Жизнь Клима Самгина (Сорок лет). Повесть. Часть вторая - Максим Горький 8 стр.


«Анархист».

– Кто-то стучит, – сказал Иноков, глядя в окно. Клим прислушался. Осторожно щелкала щеколда калитки, потом заскрипело дерево ворот, точно собака царапалась.

– Неужели – воры? – спросил Иноков, улыбаясь. Клим подошел к окну и увидал в темноте двора, что с ворот свалился большой, тяжелый человек, от него отскочило что-то круглое, человек схватил эту штуку, накрыл ею голову, выпрямился и стал жандармом, а Клим, почувствовав неприятную дрожь в коже спины, в ногах, шепнул с надеждой:

– Это – к Спивак.

– Эх, – угрюмо сказал Иноков, отталкивая его. – Пойду к ней.

Он убежал, оставив Самгина считать людей, гуськом входивших на двор, насчитал он чортову дюжину, тринадцать человек. Часть их пошла к флигелю, остальные столпились у крыльца дома, и тотчас же в тишине пустых комнат зловеще задребезжал звонок.

«Пусть отопрет горничная», – решил Самгин, но, зачем-то убавив огня в лампе, побежал открывать дверь.

Первым втиснулся в дверь толстый вахмистр с портфелем под мышкой, с седой, коротко подстриженной бородой, он отодвинул Клима в сторону, к вешалке для платья, и освободил путь чернобородому офицеру в темных очках, а офицер спросил ленивым голосом:

– Господин Самгин? Клим наклонил голову.

– Этот человек был у вас?

– Да ведь я же сказал вам, – грубо и громко крикнул Иноков из-за спины офицера.

– Ваша комната?

– Это – обыск? – спросил Клим и кашлянул, чувствуя, что у него вдруг высохло в горле.

Выгнув грудь, закинув руки назад, офицер встряхнул плечами, старый жандарм бережно снял с него пальто, подал портфель, тогда офицер, поправив очки, тоже спросил тоном старого знакомого:

– А что ж иное может быть?

«Не надо волноваться», – посоветовал себе Клим, сунув глубоко в карманы брюк стеснявшие его руки.

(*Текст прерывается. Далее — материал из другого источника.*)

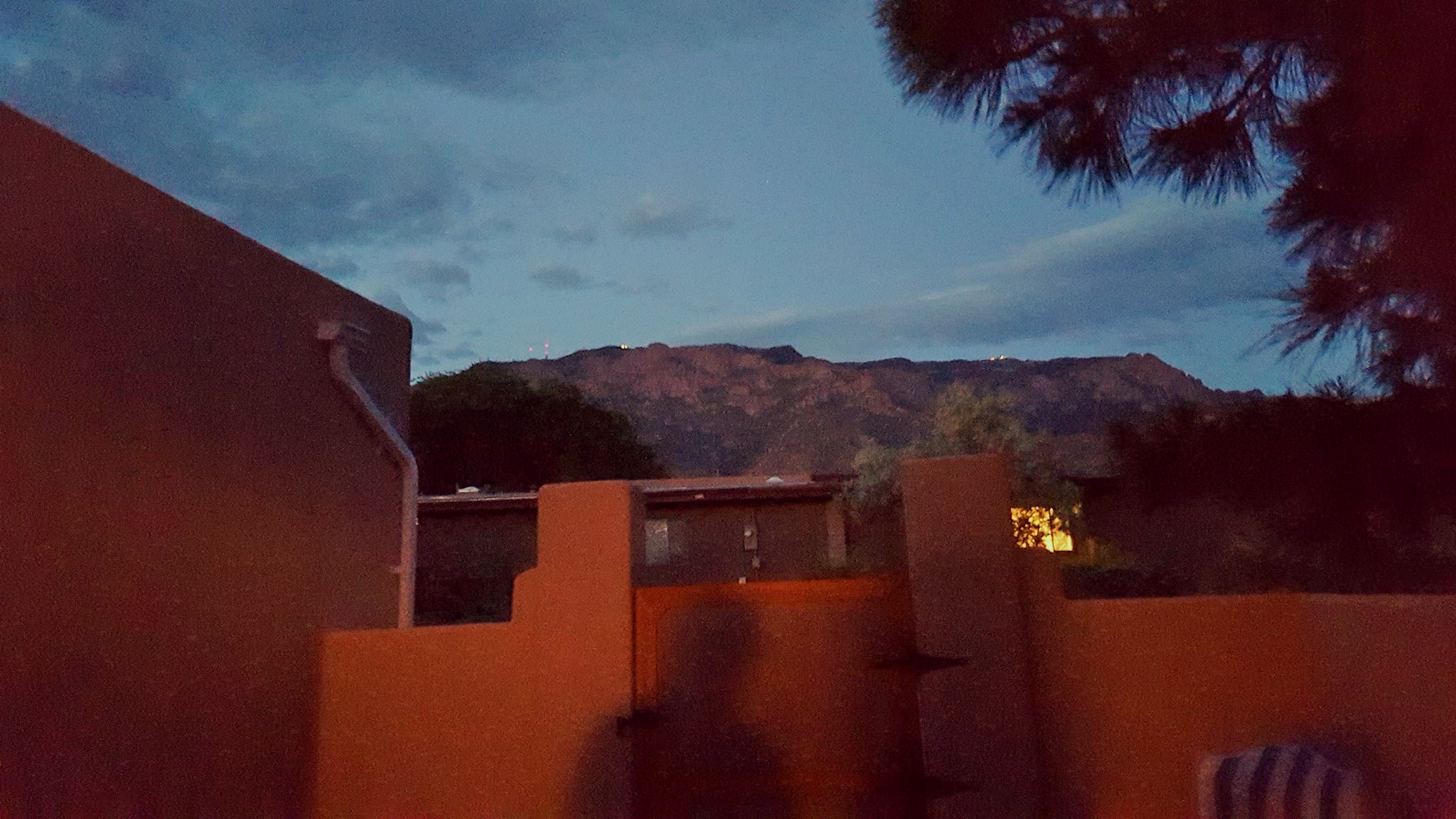 After a fun evening, which included visiting and watching the NBA finals…lol..in Overtime, I might add, we headed back to Gino’s. Again the views of Albuquerque at night are stunning. All the city lights, the strips of lights of moving cars on the freeways’ and the lights of the homes all the way up to the foothills of the mountains

Странно и обидно было видеть, как чужой человек в мундире удобно сел на кресло к столу, как он выдвигает ящики, небрежно вытаскивает бумаги и читает их, поднося близко к тяжелому носу, тоже удобно сидевшему в густой и, должно быть, очень теплой бороде. По темным стеклам его очков скользил свет лампы, огонь которой жандарм увеличил, но думалось, что очки освещает не лампа, а глаза, спрятанные за стеклами. Пальцы офицера тупые, красные, а ногти острые, синие. Надув волосатое лицо, он действовал не торопясь, в жестах его было что-то даже пренебрежительное; по тому, как он держал в руках бумаги, было видно, что он часто играет в карты.

«Вот как это делается», – уныло подумал Самгин, а жандарм, встряхивая тощей пачкой газетных вырезок, ленивенько спрашивал:

– Это – ваши статейки?

– Да. Из местной газеты.

– Читал. А – это?

– Различные заметки для будущих статей. Клим хотел бы отвечать на -вопросы так же громко и независимо, хотя не так грубо, как отвечает Иноков, но слышал, что говорит он, как человек, склонный признать себя виноватым в чем-то.

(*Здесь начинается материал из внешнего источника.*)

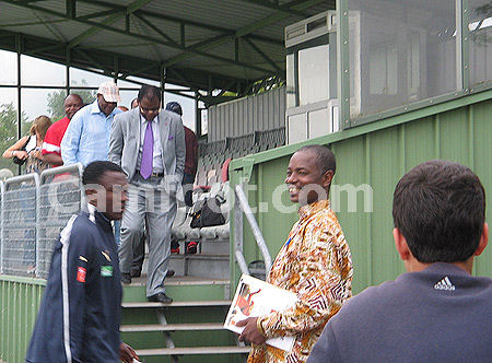 Philippe Mbarga Mboa (chemise rose) lors de l'escale de ce jeudi à Yaoundé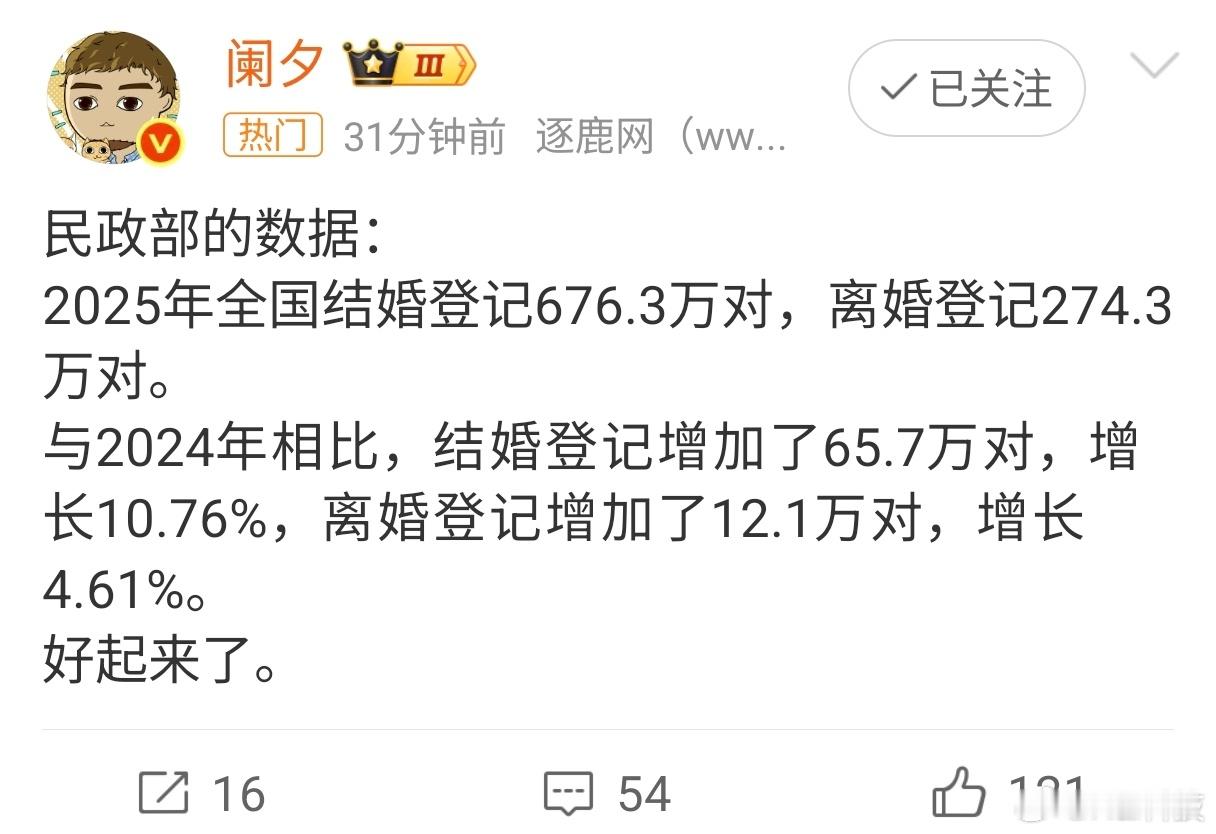 结婚是好事,成家持业万事向前,这点是支持的~2025年全国结婚登记676.3万对

Офицер отложил заметки в сторону, постучал по ним пальцем, как старик по табакерке, и, вздохнув, начал допрашивать Инокова:

– Чем занимаетесь? Пишете... гм! Где пишете?

– У себя в комнате, на столе, – угрюмо ответил Иноков; он сидел на подоконнике, курил и смотрел в черные стекла окна, застилая их дымом.

– Прошу не шутить, – посоветовал жандарм, дергая ногою, – репеек его шпоры задел за ковер под креслом, Климу захотелось сказать об этом офицеру, но он промолчал, опасаясь, что Иноков поймет вежливость как угодливость. Клим подумал, что, -если б Инокова не было, он вел бы себя как-то иначе. Иноков вообще стеснял, даже возникало опасение, что грубоватые его шуточки могут как-то осложнить происходящее.

«Не нужно волноваться», – еще раз напомнил он себе и все более волновался, наблюдая, как офицер пытается освободить шпору, дергает ковер.

Седобородый жандарм, вынимая из шкафа книги, встряхивал их, держа вверх корешками, и следил, как молодой товарищ его, разрыв постель, заглядывает под кровать, в ночной столик. У двери, мечтательно покуривая, прижался околоточный надзиратель, он пускал дым за дверь, где неподвижно стояли двое штатских и откуда притекал запах йодоформа. Самгин поймал взгляд молодого жандарма и шепнул ему:

– Отцепите шпору.

– Благодарю, – сказал офицер, когда жандарм припал на колено пред ним.

«Осел, – мысленно обругал его Клим. – Иноков может подумать, что ты благодаришь меня».

Но Иноков, сидя в облаке дыма, прислонился виском к стеклу и смотрел в окно. Офицер согнулся, чихнул под стол, поправил очки, вытер нос и бороду платком и, вынув из портфеля пачку бланков, начал не торопясь писать. В этой его неторопливости, в небрежности заученных движений было что-то обидное, но и успокаивающее, как будто он считал обыск делом несерьезным.

Вошел помощник пристава, круглолицый, черноусый, похожий на Корвина, неловко нагнулся к жандарму и прошептал что-то.

– Пуаре пришел, – вдруг воскликнул Иноков. – Здравствуйте, Пуаре!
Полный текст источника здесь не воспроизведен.